= Beginning of Section =

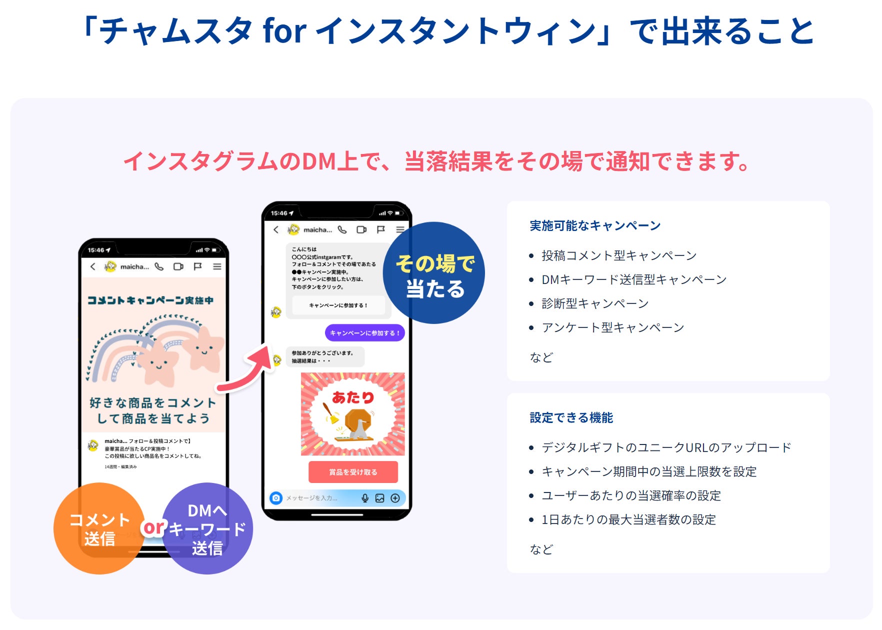 「チャムスタ for インスタントウィン」は、従来Instagramで難しかった、その場で結果が分かるインスタントウィン型のCPが実施できるツールです。
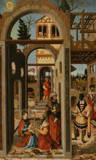 | Keywords: William Stetter - Adoration of the Three Kings - Walters 372619.jpg The wise men who according to the Gospels came from the East to adore the Christ Child and acknowledge his divinity were often depicted as kings underscoring the importance of their homage The star that they followed is in the upper left corner The oldest king a regal European kneels before the Child and his mother The middle-aged Turkish potentate wearing a turban looks back through the doorway in the ruin where the holy family has taken refuge toward the youngest ruler a vigorous young African attired in elegant 16th-century German fashion His facial features are more individualized than those of the other two and it may be that he is based on a study made from life In the distance some of the kings' followers ride horses with very long necks surely the artist's attempt at camels The painter has created a kind of stage set for his drama using a perspective system made popular by his famous fellow countryman Albrecht Dürer The receding lines marked out in the masonry go back more or less to one point the hand of the man in the doorway at center 1526 Early Modern oil on panel Overall cm 87 3 54 ; Framed 37 7/8 x 24 7/16 x 2 3/8 96 2 x 62 07 x 6 03 cm accession number 37 2619 29860 Sara D Redmond Oyster Bay New York by purchase Walters Art Museum Henry Walters Bequest of Sara D Redmond 1985 place of origin Strasbourg Germany Walters Art Museum license 2D William Stetter 1526 paintings Renaissance paintings in the Walters Art Museum 16th-century religious paintings in the United States 16th-century paintings of the Adoration of the Magi 16th-century oil on panel paintings in the United States 1520s paintings in the United States 1520s religious paintings 1520s paintings from Germany |
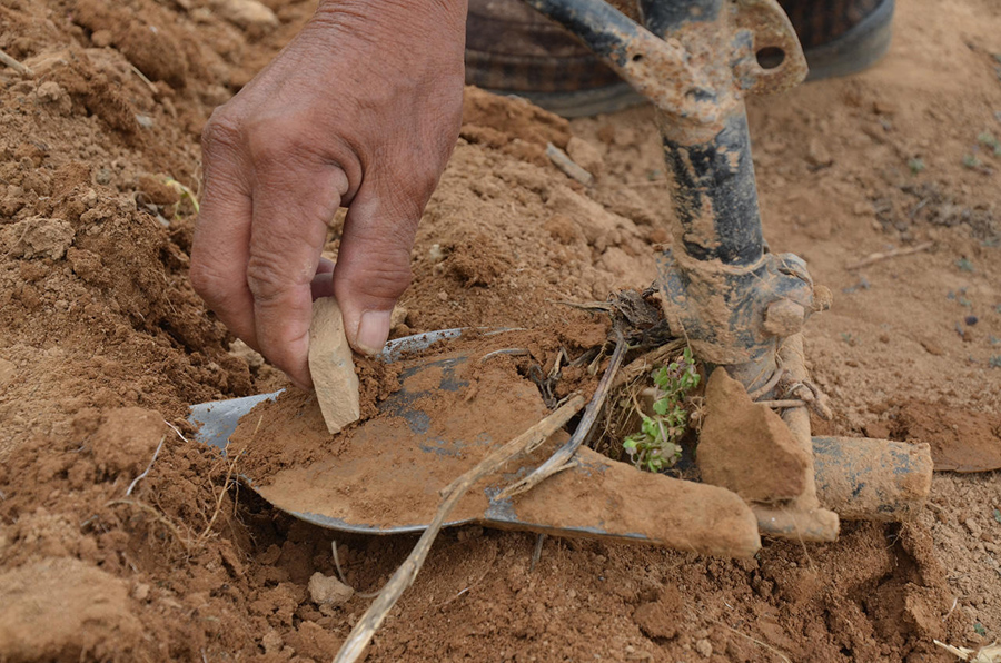 說是鋤,看起來又像犁,地里有墑,用一段就要用瓦片把泥土刮去,要不推起來就會費力,這個動作和鋤地一樣,鋤過地的都知道。
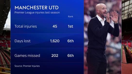 根据统计,曼联上赛季总共遭遇45次伤病,英超最多,球员总计缺席1620天、202场比赛,这两项数据均排在英超第6位。
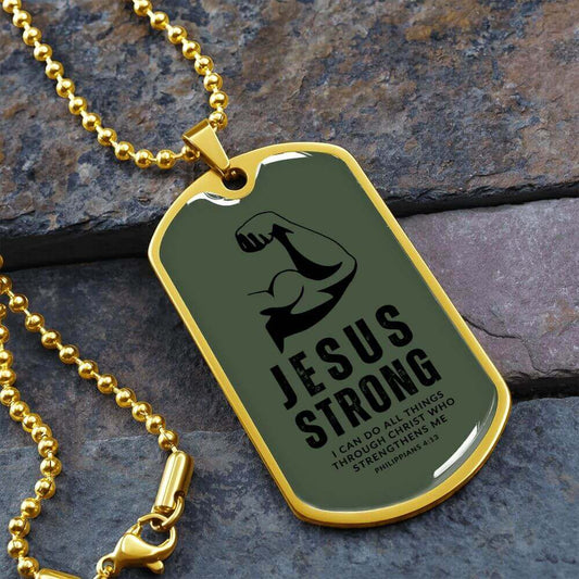 Christian Gifts For Men - Jesus Strong Dog Tag Necklace 13DTN
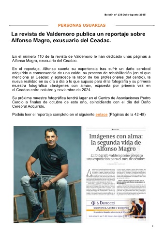 En el reportaje, Alfonso cuenta su experiencia tras sufrir un daño cerebral
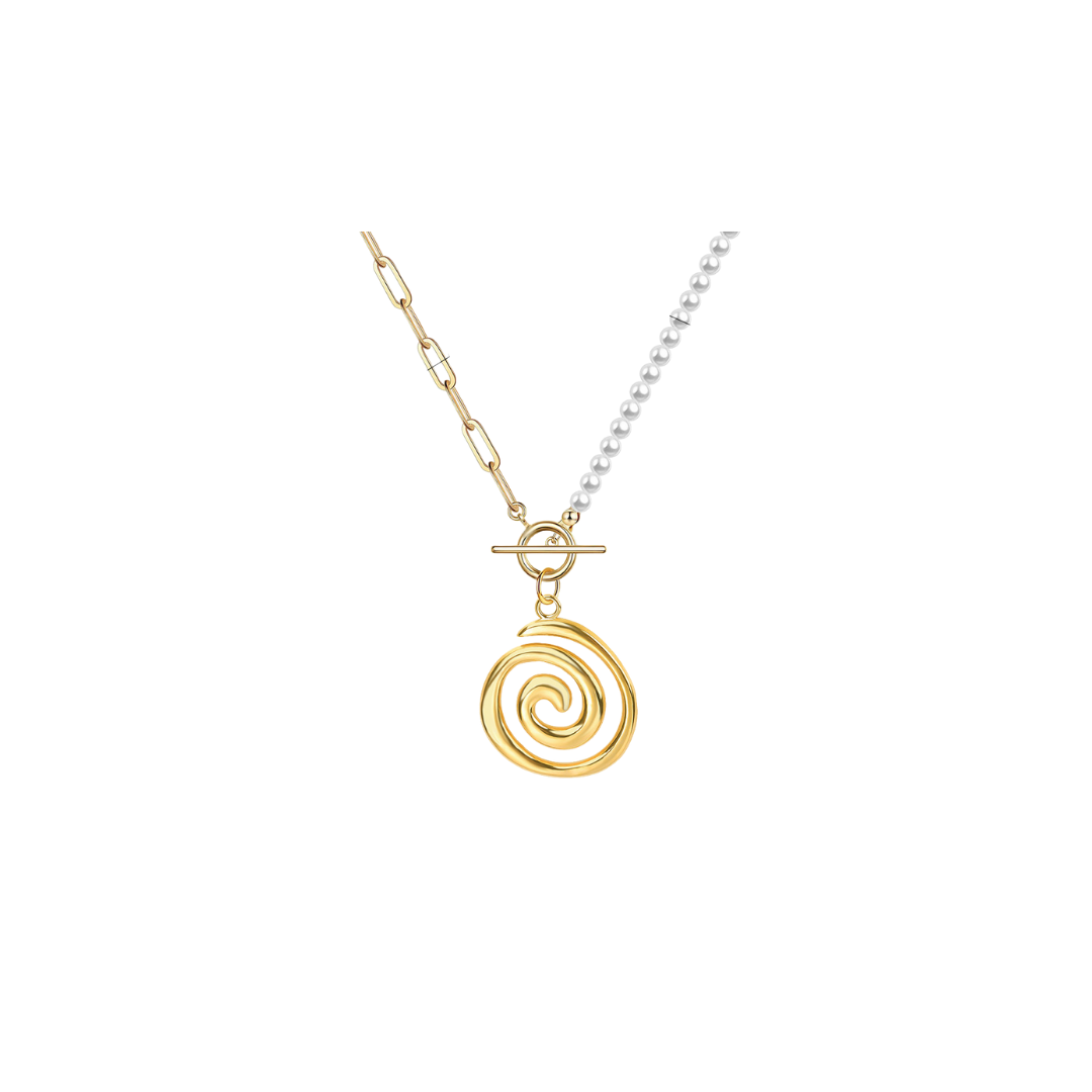 Gargantilla: Mitad cadena de eslabones alargados y mitad hilo de perlas sintéticas de 4 mm, unidas por un cierre de barra y anilla de 12 mm donde cuelga un colgante espiral de 30 mm en acero inoxidable 316L chapado en oro de 18 k. Ajustable (38–43 cm) y hipoalergénica, aporta un contraste entre lo arquitectónico y lo clásico.
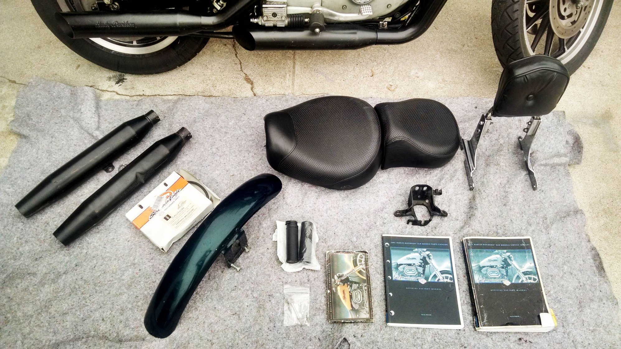 -2 sets of pipes: quiet baffled (stock), LOUD slash cut pipes (takes ten minutes to swap them out)
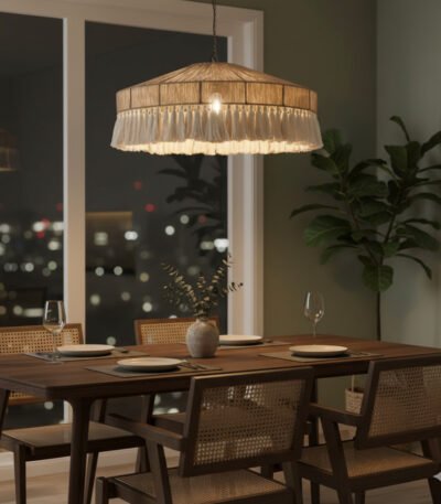 د.إ730.00 – د.إ1,070.00Price range: د.إ730.00 through د.إ1,070.00A statement-making bohemian chandelier that blends natural textures with an elegant, flowing fringe.
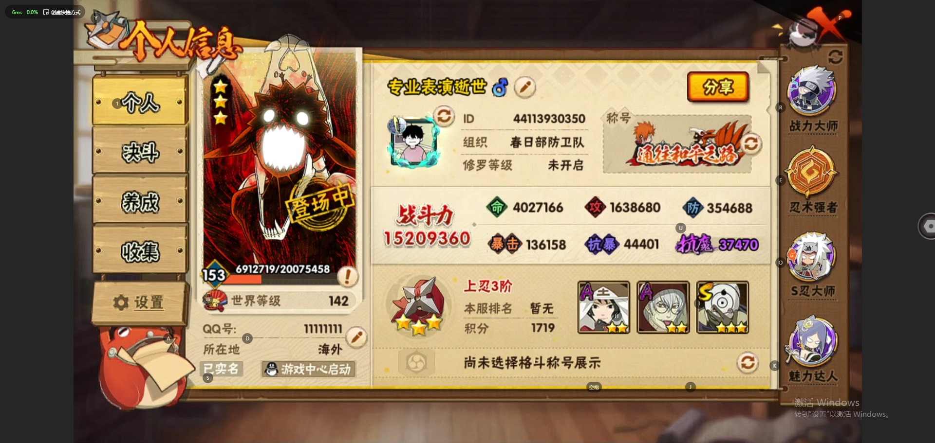 [11523931]V11 28S忍 28A忍 22通灵 1520.9W战力 可二次 可修改实名 优质装备:千手柱间「秽土转生」,罗砂「四代目风影」,宇智波鼬「秽土转生」,佩恩·天道「超」,药师兜「仙人模式」,宇智波斑「秽土转生」,宇智波斑 「木叶创立」,猿飞日斩「秽土转生」,长门「秽土转生」,迈特凯「死门」,宇智波带土 「忍界大战」,“宇智波斑” 「白面具」,漩涡鸣人 「九喇嘛连结」,春野樱 「忍界大战」,宇智波佐助「永恒万花筒」,宇智波斑「秽土转生·解」,大筒木桃式,大筒木舍人 「最终章」,自来也 「传说中的三忍」,漩涡鸣人 「暴怒·第六尾」 S级忍者:大野木 「忍界大战」,自来也 「舞之豪杰」,宇智波鼬 「须佐能乎」,佩恩「天道」,猿飞日斩,波风水门,大蛇丸,纲手

= End of Section =

YOUR INSTRUCTIONS.
Given the records above, return the lines starting at the one that holds "-2 sets of pipes: quiet" and ending at the one that holds "د.إ730.00 – د.إ1,070.00Price", exactly, and nothing besides; leave every picture out.

OUTPUT FOR THIS TASK.
 -2 sets of pipes: quiet baffled (stock), LOUD slash cut pipes (takes ten minutes to swap them out)
 د.إ730.00 – د.إ1,070.00Price range: د.إ730.00 through د.إ1,070.00A statement-making bohemian chandelier that blends natural textures with an elegant, flowing fringe.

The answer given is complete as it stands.